* _The data_:
-----
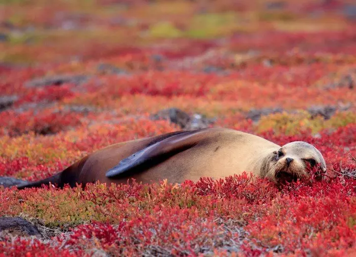 Auf South Plaza sehen Sie überall Feigenkaktusse und die Pflanze Sesuvium edmonstonei, die es nur auf Galapagos gibt. Die Insel ist auch das Zuhause der Riesenechsen. Vielleicht entdecken Sie einen, die im Schatten eines Feigenkaktusses darauf wartet, dass eine Frucht zu Boden fällt. Am Wasser können Sie viele Seelöwen und Seevögel wie Gabelschwanzmöwen und Rotschnabel-Tropikvögel erleben.
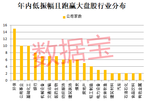 在大盘指数徘徊不前,市场热点持续性不强的背景下,股价波动小且还能跑赢大盘的股票已属稀缺。数据宝统计,不含北交所股票,今年以来振幅在20%以内,且年内涨幅超上证指数的股票有112只。这些股票主要来自环保、公用事业、基础化工行业,其中环保行业入围15只,排在首位。
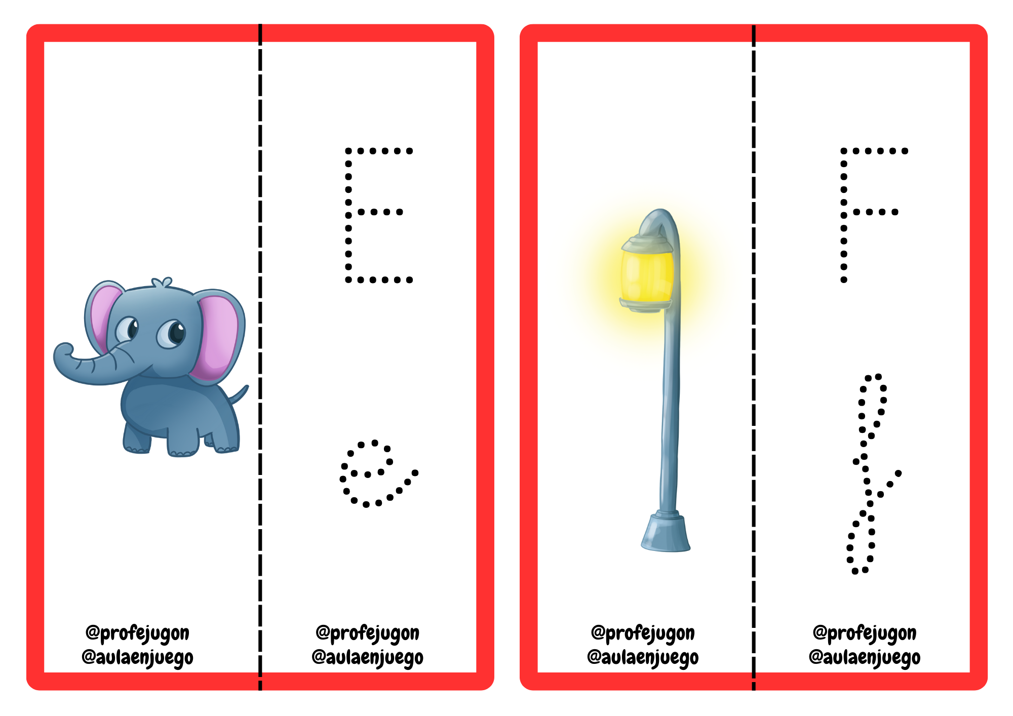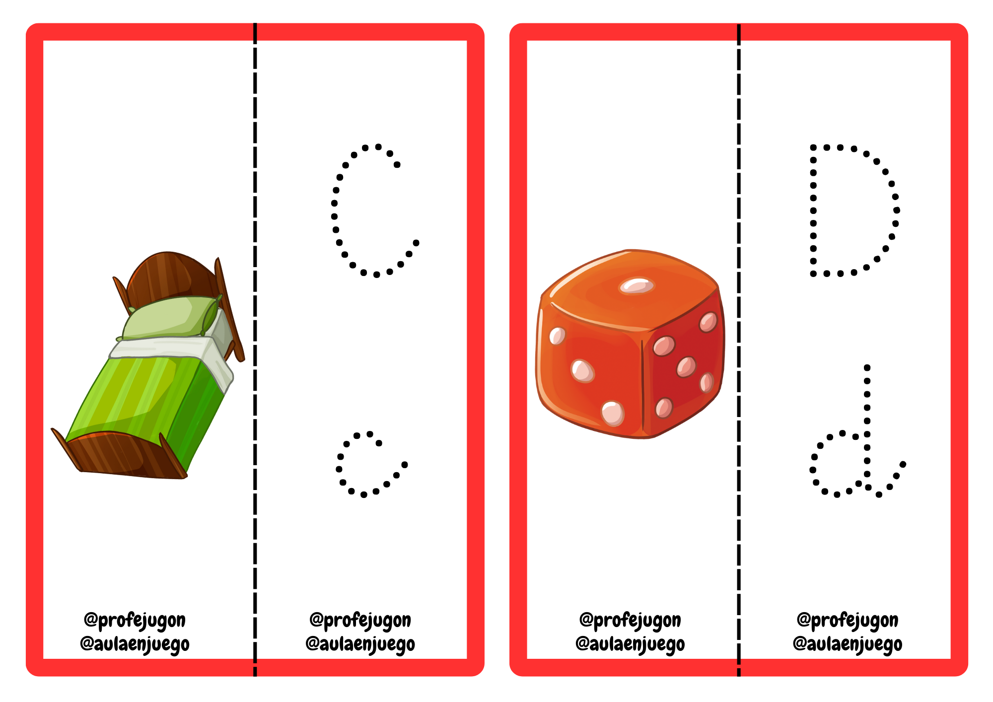 - Baraja todas las tarjetas y busca las parejas. Cada vez que encuentres una, te la quedas a modo de puntuación. Con las tarjetas boca arriba, desordenadas sobre la mesa, debes combinar cada pareja, después repasar las letras y decir en voz alta la palabra de la ilustración, además de otra palabra que empiece con esa letra.
-----
Give back the material exactly as written, from its first line to the line that contains "在大盘指数徘徊不前,市场热点", and leave out the pictures.

 Auf South Plaza sehen Sie überall Feigenkaktusse und die Pflanze Sesuvium edmonstonei, die es nur auf Galapagos gibt. Die Insel ist auch das Zuhause der Riesenechsen. Vielleicht entdecken Sie einen, die im Schatten eines Feigenkaktusses darauf wartet, dass eine Frucht zu Boden fällt. Am Wasser können Sie viele Seelöwen und Seevögel wie Gabelschwanzmöwen und Rotschnabel-Tropikvögel erleben.
 在大盘指数徘徊不前,市场热点持续性不强的背景下,股价波动小且还能跑赢大盘的股票已属稀缺。数据宝统计,不含北交所股票,今年以来振幅在20%以内,且年内涨幅超上证指数的股票有112只。这些股票主要来自环保、公用事业、基础化工行业,其中环保行业入围15只,排在首位。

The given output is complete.